AbbVie ABBV announced that its experimental hepatitis C virus (HCV) treatment was granted priority review in Japan.
AbbVie’s all-oral, ribavirin and interferon free, 12-week, two direct-acting antiviral treatment comprises a fixed dose of paritaprevir/ritonavir in combination with ombitasvir, dosed once daily.
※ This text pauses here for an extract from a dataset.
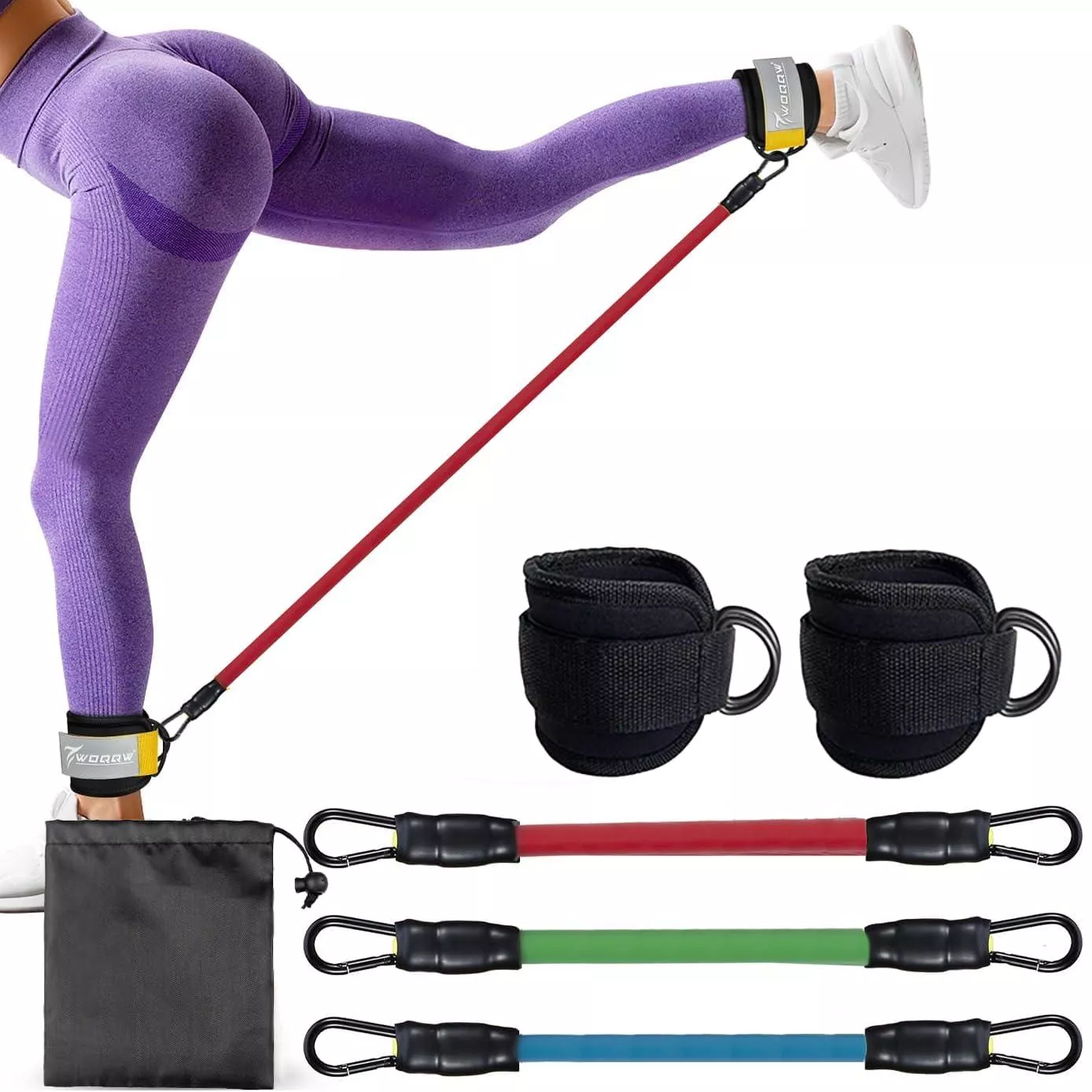 Made from high-quality TPE (thermoplastic elastomer), the bands offer excellent elasticity and resilience, while the adjustable ankle straps ensure a snug, secure fit during every movement. With their compact and lightweight design, you can easily pack them in your gym bag or travel case to stay consistent with your training, no matter where life takes you.

The company is looking to get the combination approved for the treatment of patients with genotype 1 (GT1) chronic HCV infection.
In Feb 2015, AbbVie had filed a new drug application with the Japanese Ministry of Health, Labour and Welfare for the HCV treatment.
We note that AbbVie’s three-drug HCV regimen, Viekira Pak and Viekirax + Exviera has already gained approval in the U.S. (Dec 2014) and EU (Jan 2015). AbbVie’s two-drug direct-acting HCV regimen also has a good chance of gaining approval based on high rates of response and low discontinuation rates.
We remind investors that pharmacy benefit manager (PBM), Express Scripts ESRX, has added AbbVie’s Viekira Pak to its formulary offering it as an exclusive option for GT1 HCV patients from Jan 1, 2015. Express Scripts’ decision to choose lower-priced Viekira Pak over other expensive HCV drugs like Gilead’s GILD Sovaldi and Harvoni has led to intense pricing competition in the HCV market.
Several other companies are also looking to bring their shorter duration HCV treatments to the market. We expect the HCV market and pricing competition to remain in focus for the rest of 2015.